Thursday, June 18, 2009

The Economist on the mega-Islamic bank, regulatory changes to accomodate Islamic finance being abused in the UK, lessons from the crisis

The Economist has an article about the launch of a mega-Islamic bank called Istikhlaf that the founders Sheikh Saleh Kamel and Adnan Yousif envisage to be an "Islamic Goldman Sachs".

The rule introduced to avoid double taxation in Islamic home finance purchases in the UK is being abused by high-net worth (conventional mortgage) clients. This should serve as a reminder that regulations introduced to facilitate Islamic finance should be carefully designed so that they are not abused in other settings to avoid taxation.

Islamic finance: can it provide lessons for conventional finance to avoid future crashes and can Islamic finance learn things from the crisis? The head of Islamic finance proposes a way for central banks to create money (monetization) in a way that is Shari'ah-compliant, in a similar thought process to an article I wrote in 2007 for Clear Profit on GDP-linked bonds ("Debt alternative for Islamic states should be explored," Clear Profit, Issue 44, May 27, 2007, page 5).

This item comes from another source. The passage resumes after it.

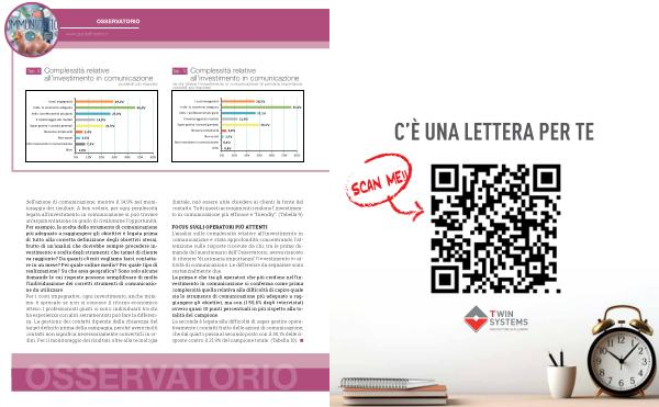 FOCUS SUGLI OPERATORI PIÙ ATTENTI L’ analisi sulle complessità relative all’ investimento in comunicazione è stata approfondita concentrando l’ attenzione sulle risposte ricevute da chi, tra le prime domande del questionario dell’ Osservatorio, aveva risposto di ritenere“ di primaria importanza” l’ investimento in attività di comunicazione. Le differenze da segnalare sono sostanzialmente due. La prima è che tra gli operatori che più credono nell’ investimento in comunicazione si conferma come prima complessità quella relativa alla difficoltà di capire quale sia lo strumento di comunicazione più adeguato a raggiungere gli obiettivi, ma con il 55,6 % degli intervistati ovvero quasi 10 punti percentuali in più rispetto alla totalità del campione. La seconda è legata alla difficoltà di saper gestire operativamente i contatti frutto delle azioni di comunicazione, che dal quarto passa al secondo posto con il 30,1 % delle risposte contro il 21,9 % del campione totale.( Tabella 10).

In an interview with Emirates Business 24/7, Rushdi Siddiqui, the head of Islamic finance for Thomson Reuters, discusses the lessons that Islamic finance can provide the conventional financial industry as well as the direction it is likely to take in the next decade.

Another Malaysian Shari'ah scholar, Engku Rabiah Adawiah Engku Ali, weighs in on the debate over tawarruq saying they are premissible but "The fact is more on how it's being done rather than what it is. It is more on whether the asset is available, whether it can be delivered".